**Provided material**
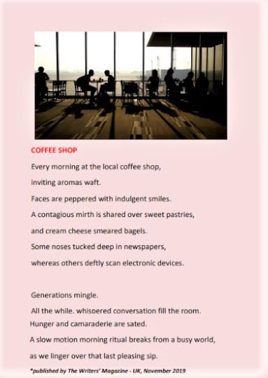 I am thrilled to have my poem “Coffee Shop” (reprint) published by GloMag. Thank you, editor Glory Sasikala!
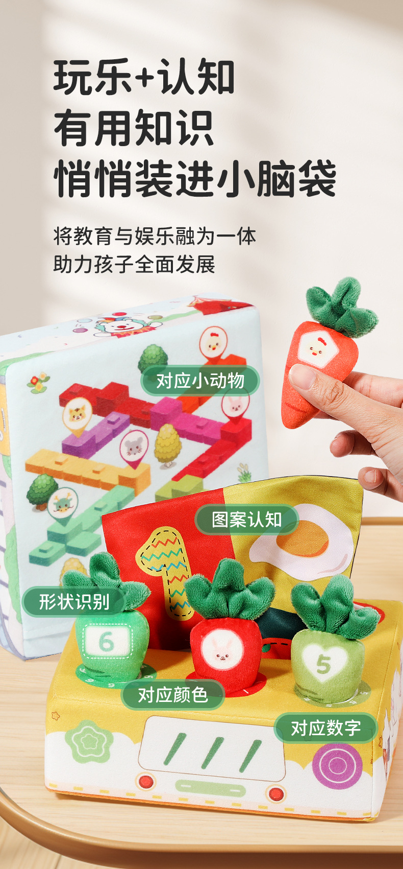 크로스 보더 아기 눈물 티슈 상자 당겨 무 종이 장난감 아기 교육 조기 교육 매칭 진정 장난감
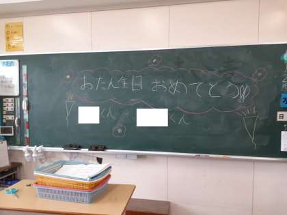 4年2組教室の黒板に「おたん生日 おめでとう ○○くん □□くん」と書かれていました。学級活動の時間に、体育館でお誕生日を祝う取り組みをしていたようです。みんな楽しそうで、いきいきと活動していました。
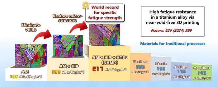 近期,中国科学院金属研究所材料疲劳与断裂团队带头人张哲峰研究员在前期疲劳损伤机制和疲劳预测理论指导下,与轻质高强材料研究部杨锐研究员团队开展合作,在3D打印钛合金抗疲劳设计制备方面取得了突破性进展,制备出具有优异疲劳性能的3D打印钛合金材料。该项研究成果于2024年2月29日以题为“High fatigue resistance in a titanium alloy via near void-free 3D printing”发表在Nature杂志上,金属所博士研究生曲展为论文第一作者,张振军研究员、美国加州大学伯克利分校Robert O. Ritchie教授、张哲峰研究员为论文通讯作者。

**To do**
Would you give again, exactly, the lines in the data above that run from the line containing "크로스 보더 아기 눈물" to the line containing "4年2組教室の黒板に「おたん生日 おめでとう ○○くん"? Include both ends and no pictures.

**Exercise result**
 크로스 보더 아기 눈물 티슈 상자 당겨 무 종이 장난감 아기 교육 조기 교육 매칭 진정 장난감
 4年2組教室の黒板に「おたん生日 おめでとう ○○くん □□くん」と書かれていました。学級活動の時間に、体育館でお誕生日を祝う取り組みをしていたようです。みんな楽しそうで、いきいきと活動していました。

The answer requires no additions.